→ **Data records**:
—————

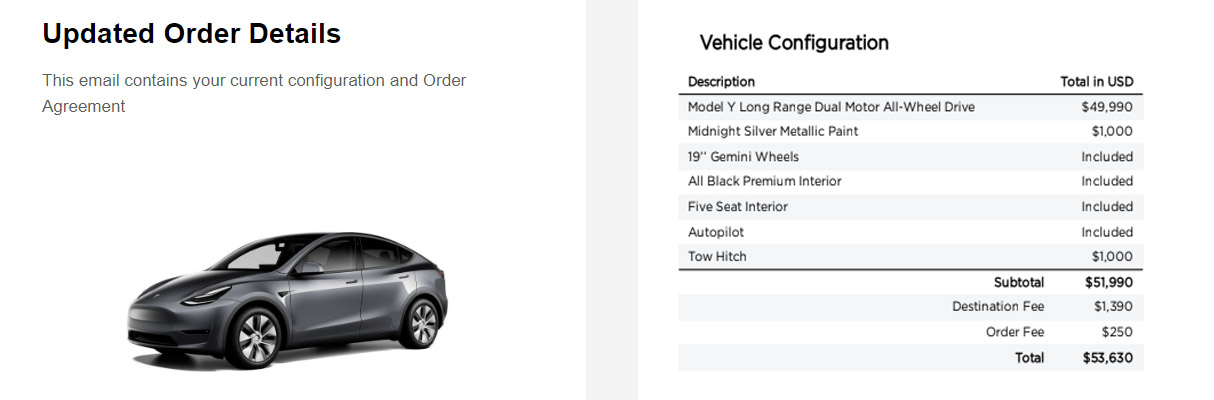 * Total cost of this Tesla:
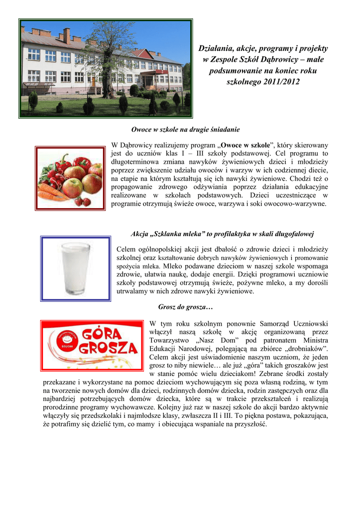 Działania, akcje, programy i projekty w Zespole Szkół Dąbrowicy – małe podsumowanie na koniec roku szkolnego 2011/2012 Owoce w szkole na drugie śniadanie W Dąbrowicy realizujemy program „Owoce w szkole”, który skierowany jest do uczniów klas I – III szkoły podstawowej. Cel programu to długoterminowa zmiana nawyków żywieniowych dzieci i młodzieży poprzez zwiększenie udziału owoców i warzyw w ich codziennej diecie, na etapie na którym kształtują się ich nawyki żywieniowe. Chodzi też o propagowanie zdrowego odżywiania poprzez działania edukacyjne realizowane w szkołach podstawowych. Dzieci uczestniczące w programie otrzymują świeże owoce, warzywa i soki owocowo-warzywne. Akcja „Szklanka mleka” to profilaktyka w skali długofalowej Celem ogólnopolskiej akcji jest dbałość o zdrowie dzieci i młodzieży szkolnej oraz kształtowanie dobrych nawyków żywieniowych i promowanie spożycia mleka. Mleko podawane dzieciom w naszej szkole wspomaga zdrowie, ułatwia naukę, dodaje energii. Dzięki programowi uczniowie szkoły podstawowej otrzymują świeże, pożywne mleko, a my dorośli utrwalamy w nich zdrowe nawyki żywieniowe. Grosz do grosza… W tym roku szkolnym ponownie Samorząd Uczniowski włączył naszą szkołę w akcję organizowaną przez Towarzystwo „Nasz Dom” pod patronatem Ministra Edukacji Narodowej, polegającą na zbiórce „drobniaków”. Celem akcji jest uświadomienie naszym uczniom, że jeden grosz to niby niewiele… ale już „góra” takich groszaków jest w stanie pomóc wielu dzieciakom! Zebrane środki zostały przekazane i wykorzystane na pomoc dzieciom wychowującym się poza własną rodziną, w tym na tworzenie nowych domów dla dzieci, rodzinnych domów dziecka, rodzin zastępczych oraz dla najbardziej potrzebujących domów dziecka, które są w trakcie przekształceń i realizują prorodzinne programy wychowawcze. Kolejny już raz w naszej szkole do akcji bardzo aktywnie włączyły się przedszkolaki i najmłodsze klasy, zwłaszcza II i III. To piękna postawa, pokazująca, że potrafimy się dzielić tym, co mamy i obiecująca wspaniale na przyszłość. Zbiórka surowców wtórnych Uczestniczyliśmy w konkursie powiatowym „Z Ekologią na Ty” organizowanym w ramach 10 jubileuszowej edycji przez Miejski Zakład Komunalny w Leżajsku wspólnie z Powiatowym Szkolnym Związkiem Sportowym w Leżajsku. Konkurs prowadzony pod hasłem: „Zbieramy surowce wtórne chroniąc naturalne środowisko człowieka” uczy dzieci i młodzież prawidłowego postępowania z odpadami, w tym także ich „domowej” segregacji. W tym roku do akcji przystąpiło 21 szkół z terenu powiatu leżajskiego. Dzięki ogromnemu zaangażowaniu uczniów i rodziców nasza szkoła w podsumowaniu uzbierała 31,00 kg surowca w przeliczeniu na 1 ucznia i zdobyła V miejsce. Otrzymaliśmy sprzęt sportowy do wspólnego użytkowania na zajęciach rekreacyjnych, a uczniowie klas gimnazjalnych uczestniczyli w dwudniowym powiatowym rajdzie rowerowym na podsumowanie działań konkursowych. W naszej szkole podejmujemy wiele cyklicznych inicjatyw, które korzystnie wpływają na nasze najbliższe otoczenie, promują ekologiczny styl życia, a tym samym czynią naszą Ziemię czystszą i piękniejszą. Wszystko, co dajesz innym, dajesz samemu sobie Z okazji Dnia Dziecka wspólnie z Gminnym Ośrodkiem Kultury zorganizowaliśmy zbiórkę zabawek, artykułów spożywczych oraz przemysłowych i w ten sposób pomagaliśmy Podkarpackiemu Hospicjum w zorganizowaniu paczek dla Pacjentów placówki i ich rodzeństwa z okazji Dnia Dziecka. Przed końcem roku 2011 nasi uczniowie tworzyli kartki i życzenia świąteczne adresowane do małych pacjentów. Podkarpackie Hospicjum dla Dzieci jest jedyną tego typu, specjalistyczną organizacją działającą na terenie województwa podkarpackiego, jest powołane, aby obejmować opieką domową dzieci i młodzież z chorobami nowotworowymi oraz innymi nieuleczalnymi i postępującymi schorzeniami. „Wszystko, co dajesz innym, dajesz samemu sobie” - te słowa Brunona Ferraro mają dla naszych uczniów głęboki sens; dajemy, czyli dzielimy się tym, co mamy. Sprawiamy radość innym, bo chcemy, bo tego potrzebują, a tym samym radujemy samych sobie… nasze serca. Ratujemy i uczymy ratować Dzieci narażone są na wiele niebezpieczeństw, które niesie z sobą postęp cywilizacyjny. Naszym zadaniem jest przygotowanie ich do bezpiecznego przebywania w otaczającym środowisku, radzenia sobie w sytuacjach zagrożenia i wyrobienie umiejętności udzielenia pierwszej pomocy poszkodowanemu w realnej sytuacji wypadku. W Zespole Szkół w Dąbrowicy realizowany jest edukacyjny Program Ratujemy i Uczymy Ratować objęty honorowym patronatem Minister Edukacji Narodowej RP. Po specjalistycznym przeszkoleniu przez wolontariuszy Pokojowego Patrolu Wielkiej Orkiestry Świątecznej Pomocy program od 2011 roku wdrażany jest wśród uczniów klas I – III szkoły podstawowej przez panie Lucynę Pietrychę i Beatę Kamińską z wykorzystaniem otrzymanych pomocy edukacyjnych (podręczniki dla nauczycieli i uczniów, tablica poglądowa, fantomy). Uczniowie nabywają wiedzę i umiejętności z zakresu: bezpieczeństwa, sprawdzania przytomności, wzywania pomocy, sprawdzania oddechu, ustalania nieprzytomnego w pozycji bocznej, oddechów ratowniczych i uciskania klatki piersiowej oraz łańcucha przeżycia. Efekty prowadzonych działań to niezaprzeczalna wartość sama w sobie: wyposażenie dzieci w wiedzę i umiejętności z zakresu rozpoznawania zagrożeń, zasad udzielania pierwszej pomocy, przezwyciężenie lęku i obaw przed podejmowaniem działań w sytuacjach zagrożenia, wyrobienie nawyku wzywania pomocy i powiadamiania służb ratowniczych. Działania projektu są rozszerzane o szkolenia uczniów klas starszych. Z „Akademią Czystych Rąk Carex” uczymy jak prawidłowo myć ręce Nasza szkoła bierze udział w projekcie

—————

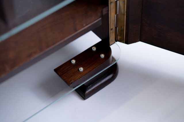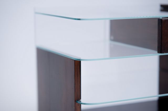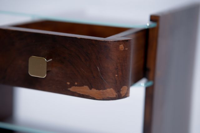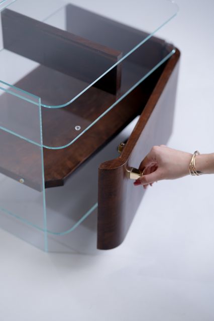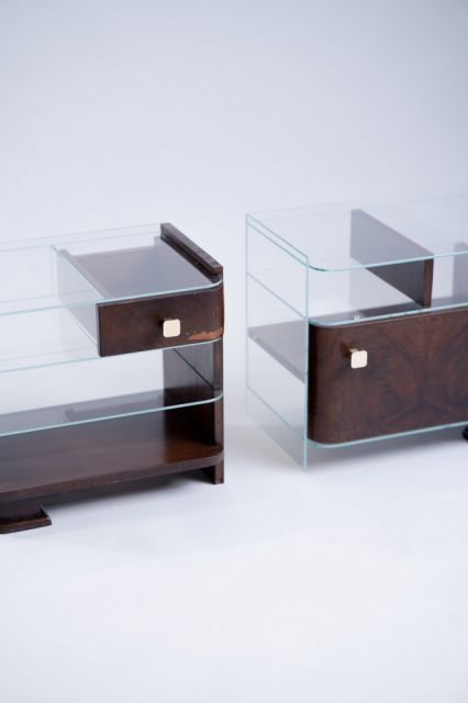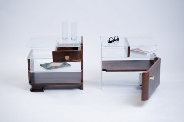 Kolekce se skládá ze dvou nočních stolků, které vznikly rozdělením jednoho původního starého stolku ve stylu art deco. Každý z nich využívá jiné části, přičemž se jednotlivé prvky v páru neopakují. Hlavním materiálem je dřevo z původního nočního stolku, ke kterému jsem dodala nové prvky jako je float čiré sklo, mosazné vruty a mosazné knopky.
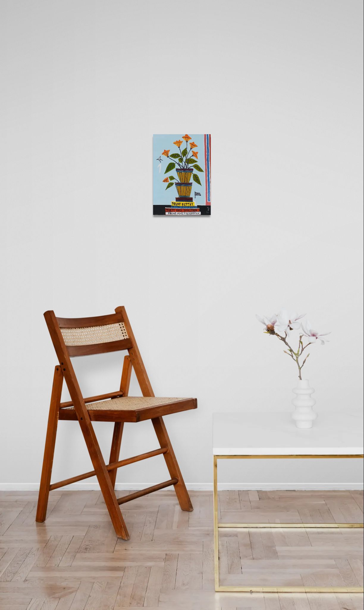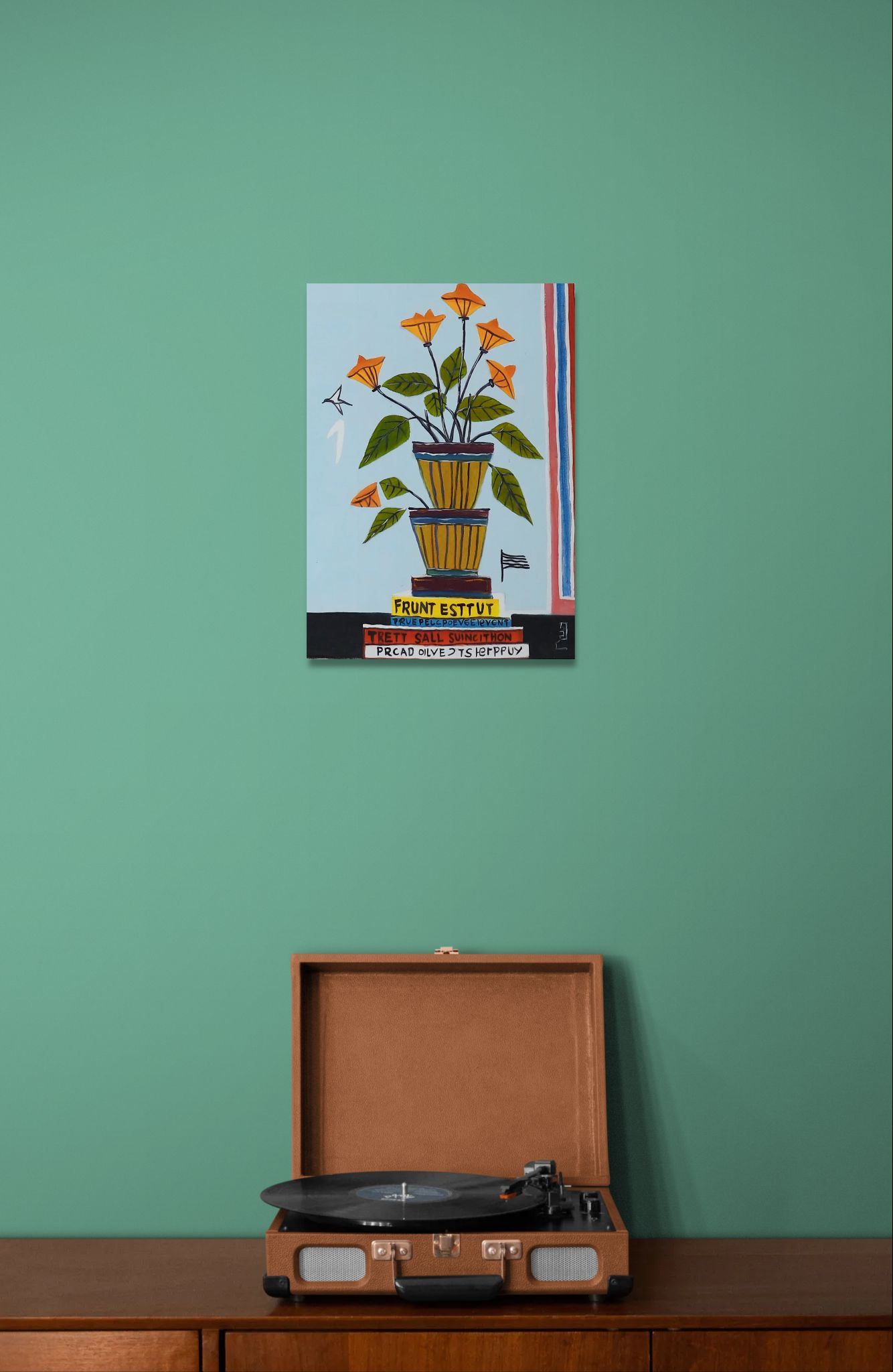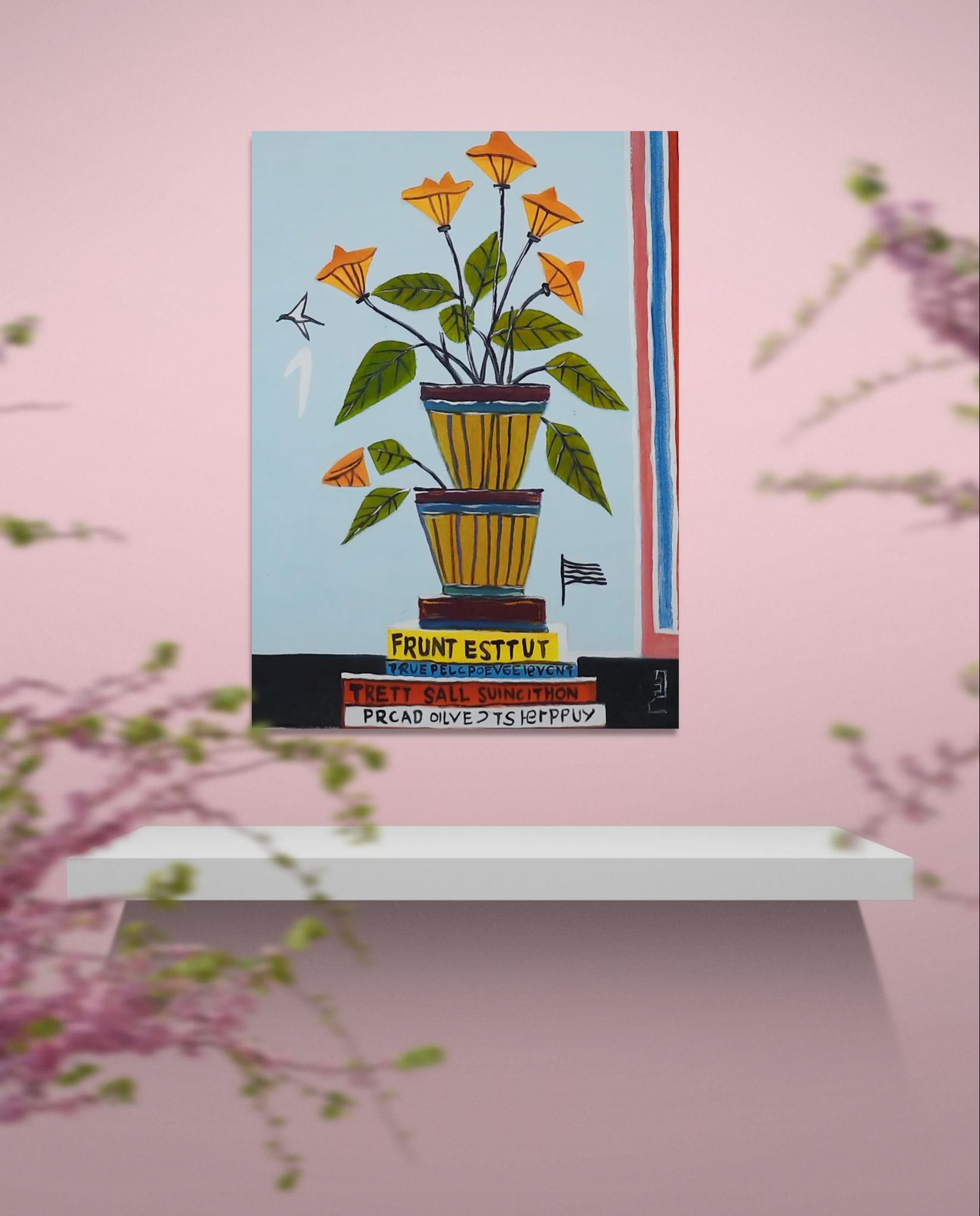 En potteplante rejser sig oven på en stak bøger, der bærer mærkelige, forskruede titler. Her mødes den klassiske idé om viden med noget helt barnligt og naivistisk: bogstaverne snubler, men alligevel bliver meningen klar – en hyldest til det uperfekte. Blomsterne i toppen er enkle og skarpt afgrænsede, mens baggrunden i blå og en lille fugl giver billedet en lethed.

—————

→ **Task instructions**:
Please copy out from the data above, without any picture, exactly the lines running from the one that holds "Kolekce se skládá" through the one that holds "En potteplante rejser", and nothing beyond them.

→ **Result for this exercise**:
 Kolekce se skládá ze dvou nočních stolků, které vznikly rozdělením jednoho původního starého stolku ve stylu art deco. Každý z nich využívá jiné části, přičemž se jednotlivé prvky v páru neopakují. Hlavním materiálem je dřevo z původního nočního stolku, ke kterému jsem dodala nové prvky jako je float čiré sklo, mosazné vruty a mosazné knopky.
 En potteplante rejser sig oven på en stak bøger, der bærer mærkelige, forskruede titler. Her mødes den klassiske idé om viden med noget helt barnligt og naivistisk: bogstaverne snubler, men alligevel bliver meningen klar – en hyldest til det uperfekte. Blomsterne i toppen er enkle og skarpt afgrænsede, mens baggrunden i blå og en lille fugl giver billedet en lethed.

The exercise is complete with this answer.